In the next step, I'll work on a similarity metric to compare and cluster relay descriptors. That should help with manual analysis.
Cheers, Philipp
On Thu, Jan 15, 2015 at 10:25 AM, Philipp Winter phw@nymity.ch wrote:
The median amount of new fingerprints in a consensus is six. The Here are some preliminary notes about the most significant spikes. I'll
2008-10-25: Missing consensuses.
FYI, between here there was thread tor-talk 'many new relays' of possible event around end 2009-06 to begining 2009-07. Along with usual posts of people about potential things to detect.
2010-06-26: Several hundred PlanetLab relays came online. At least
On Thu, Jan 15, 2015 at 06:11:25PM -0500, grarpamp wrote:
On Thu, Jan 15, 2015 at 10:25 AM, Philipp Winter phw@nymity.ch wrote:
The median amount of new fingerprints in a consensus is six. The Here are some preliminary notes about the most significant spikes. I'll
2008-10-25: Missing consensuses.
FYI, between here there was thread tor-talk 'many new relays' of possible event around end 2009-06 to begining 2009-07. Along with usual posts of people about potential things to detect.

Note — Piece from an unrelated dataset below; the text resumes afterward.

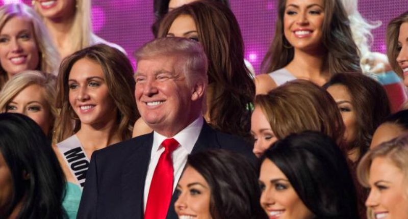 Donald Trump poses with Miss Universe contestants in 2013. Image via AFP/Darren Decker.

Interesting, thanks for pointing this out. This event is visible in the diagram but not as a sudden spike but more as a temporary increase in the base rate: http://www.nymity.ch/new_fingerprints/2009_new_fingerprints.png
This event also shows why a simple threshold-based detection mechanism is insufficient: Sybils can be added slowly over several hours or days in order to stay under the threshold.
Cheers, Philipp
On Mon, Jan 19, 2015 at 11:47 AM, Philipp Winter phw@nymity.ch wrote:
On Thu, Jan 15, 2015 at 06:11:25PM -0500, grarpamp wrote:
FYI, between here there was thread tor-talk 'many new relays' of possible event around end 2009-06 to begining 2009-07. Along with usual posts of people about potential things to detect.

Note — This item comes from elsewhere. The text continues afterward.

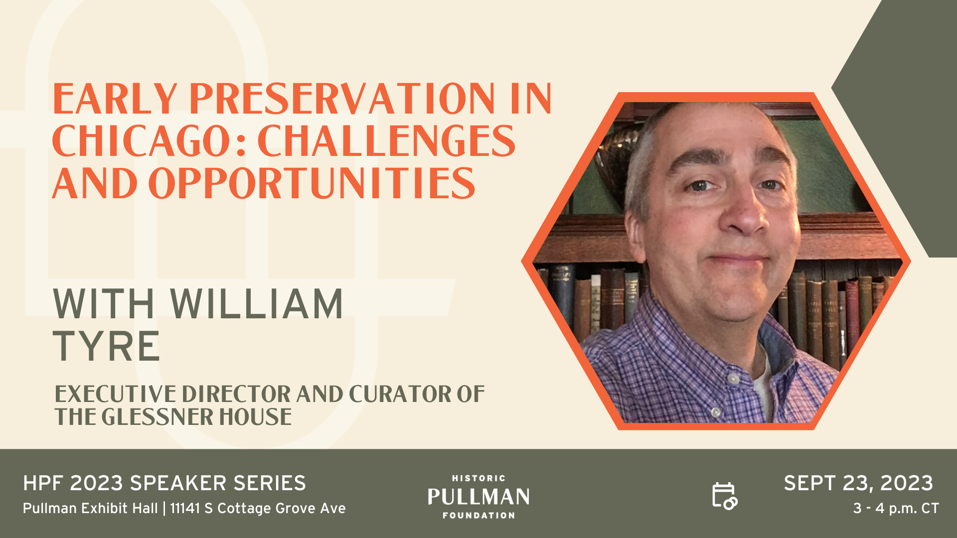 Sep 24 2:00 pm - 3:00 pm 2023 Speaker Series: Early Preservation in Chicago: Challenges and Opportunities HPF Pullman Exhibit Hall 11141 S. Cottage Grove Ave., Chicago Event Details Get Directions

Interesting, thanks for pointing this out. This event is visible in the diagram but not as a sudden spike but more as a temporary increase in the base rate: http://www.nymity.ch/new_fingerprints/2009_new_fingerprints.png
Cool, nice to see this graphed, really obvious something happened.
This event also shows why a simple threshold-based detection mechanism is insufficient: Sybils can be added slowly over several hours or days in order to stay under the threshold.
Re detection methods, consider some examination of exceeded bounds within first and second derivatives of various data you are collection, RRD, etc.